Controllable Image Captioning via Prompting
- URL: http://arxiv.org/abs/2212.01803v1
- Date: Sun, 4 Dec 2022 11:59:31 GMT
- Title: Controllable Image Captioning via Prompting
- Authors: Ning Wang, Jiahao Xie, Jihao Wu, Mingbo Jia, Linlin Li
- Abstract summary: We show that a unified model is qualified to perform well in diverse domains and freely switch among multiple styles.
To be specific, we design a set of prompts to fine-tune the pre-trained image captioner.
In the inference stage, our model is able to generate desired stylized captions by choosing the corresponding prompts.
- Score: 9.935191668056463
- License: http://creativecommons.org/licenses/by/4.0/
- Abstract: Despite the remarkable progress of image captioning, existing captioners
typically lack the controllable capability to generate desired image captions,
e.g., describing the image in a rough or detailed manner, in a factual or
emotional view, etc. In this paper, we show that a unified model is qualified
to perform well in diverse domains and freely switch among multiple styles.
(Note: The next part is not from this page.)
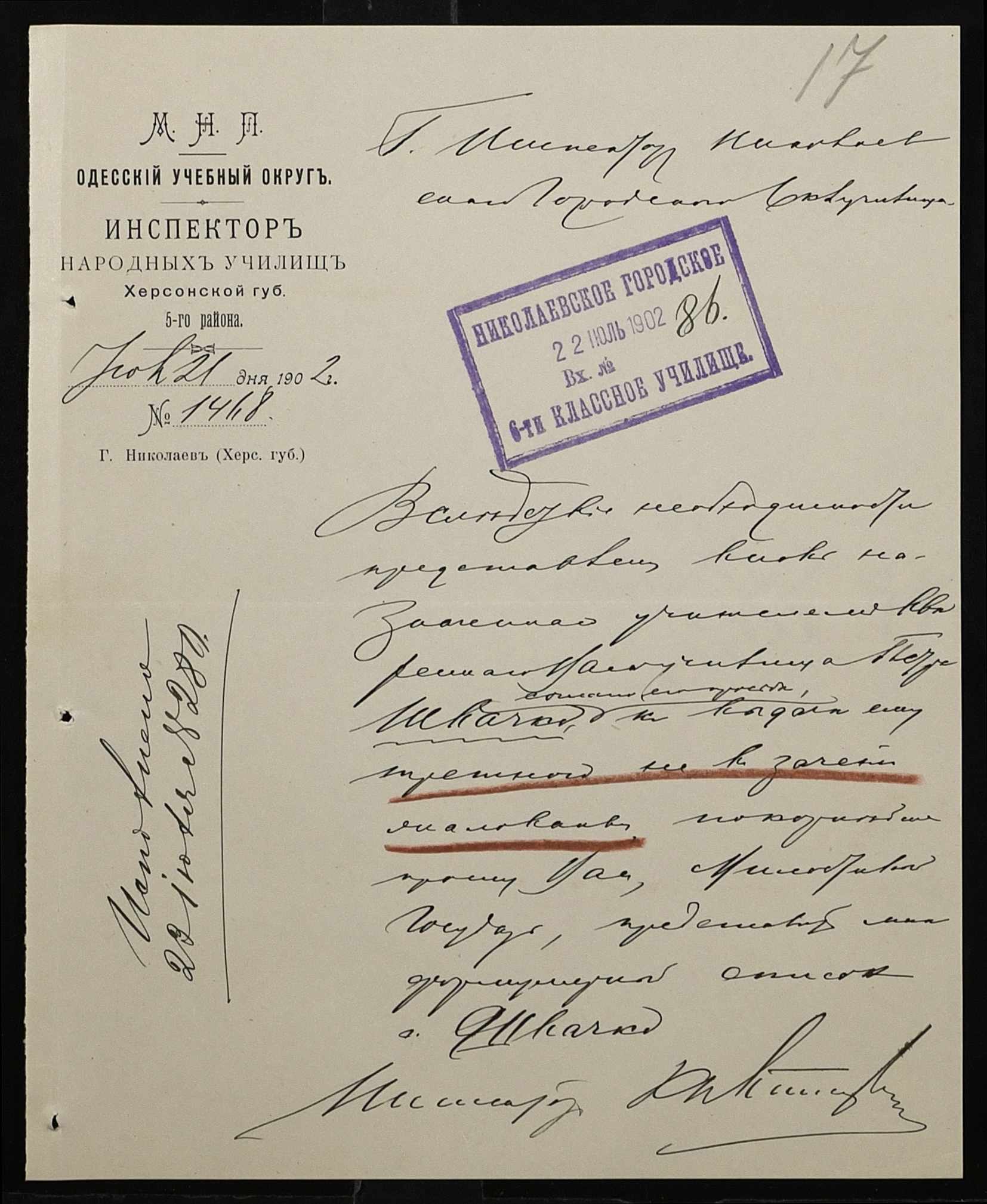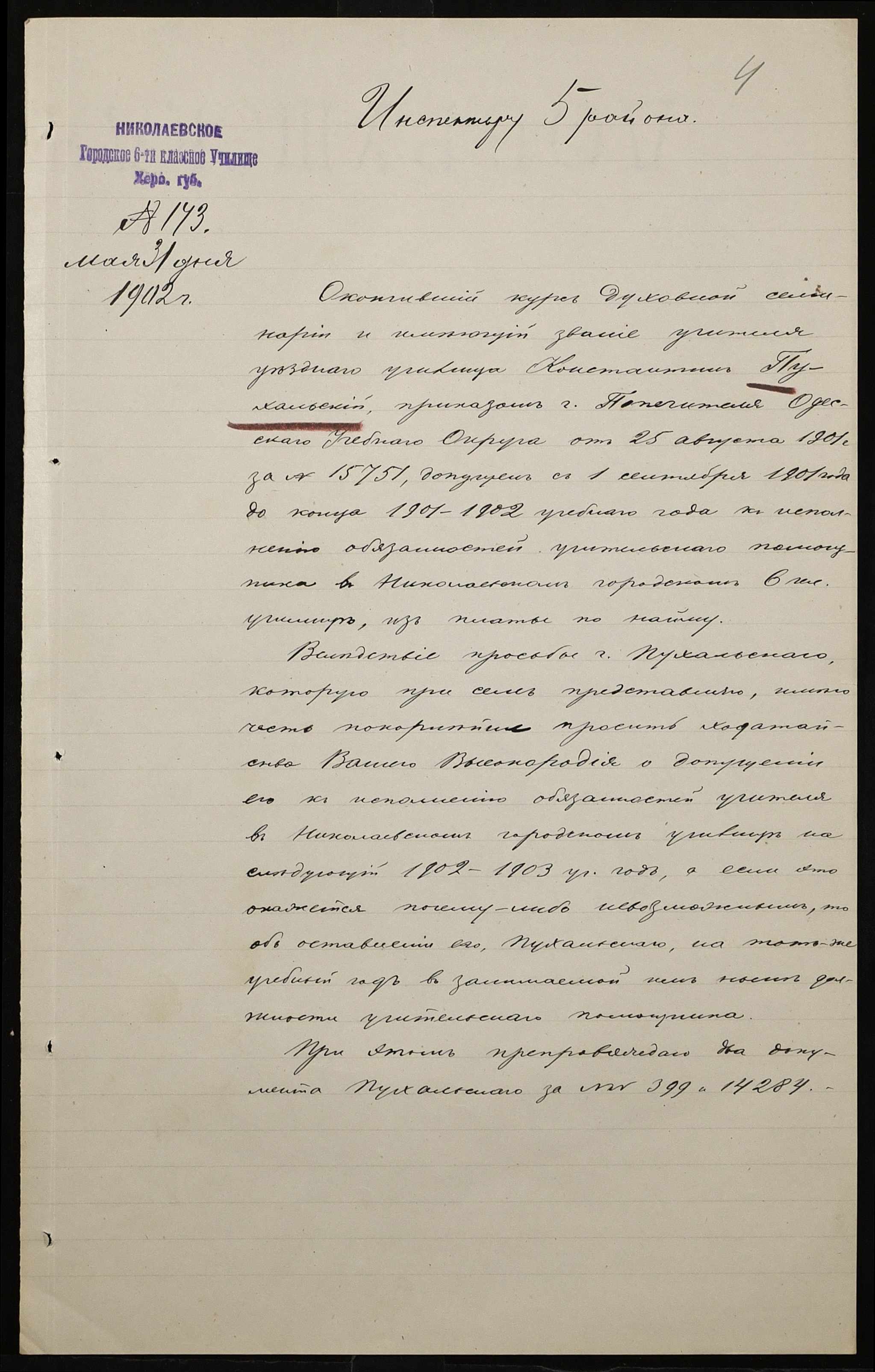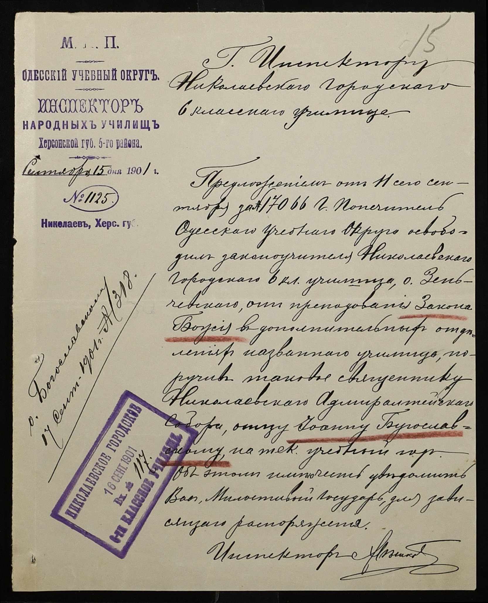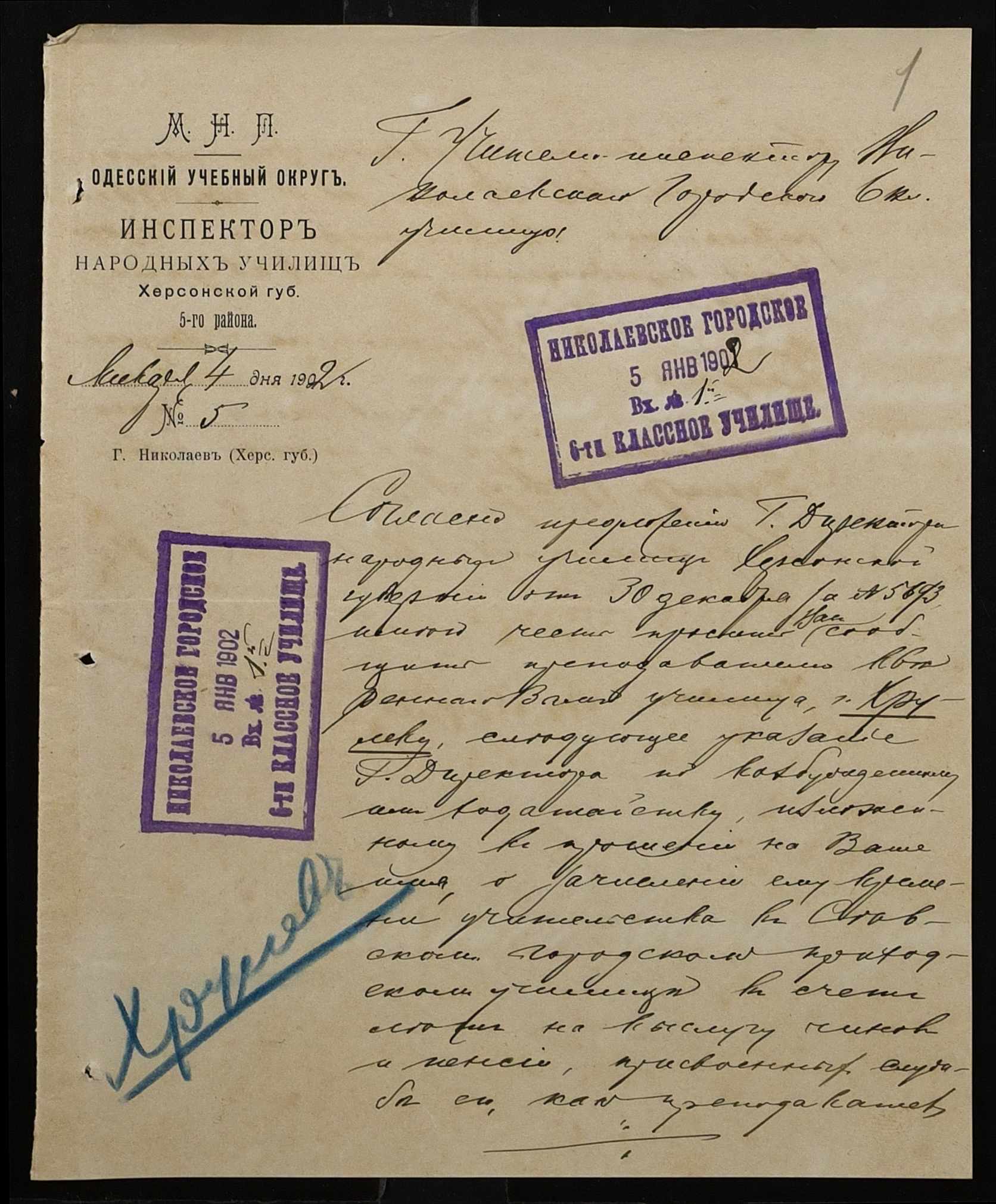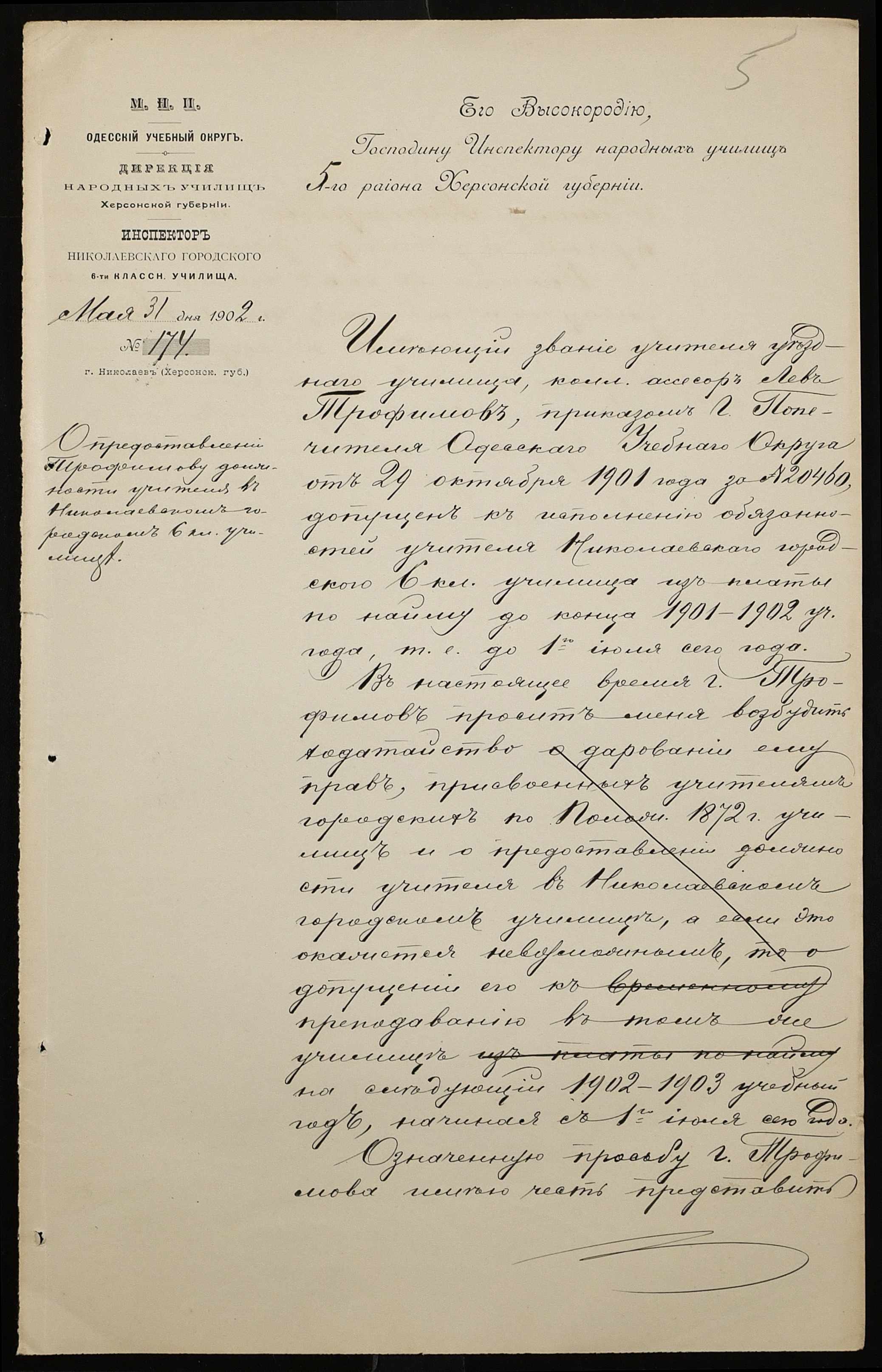 • • • • Справа № 377 “Листування з інспектором народних училищ 5-го району Херсонської губернії з особового складу”

Such a controllable capability is achieved by embedding the prompt learning
into the image captioning framework. To be specific, we design a set of prompts
to fine-tune the pre-trained image captioner. These prompts allow the model to
absorb stylized data from different domains for joint training, without
performance degradation in each domain. Furthermore, we optimize the prompts
with learnable vectors in the continuous word embedding space, avoiding the
heuristic prompt engineering and meanwhile exhibiting superior performance. In
the inference stage, our model is able to generate desired stylized captions by
choosing the corresponding prompts. Extensive experiments verify the
controllable capability of the proposed method. Notably, we achieve outstanding
performance on two diverse image captioning benchmarks including COCO Karpathy
split and TextCaps using a unified model.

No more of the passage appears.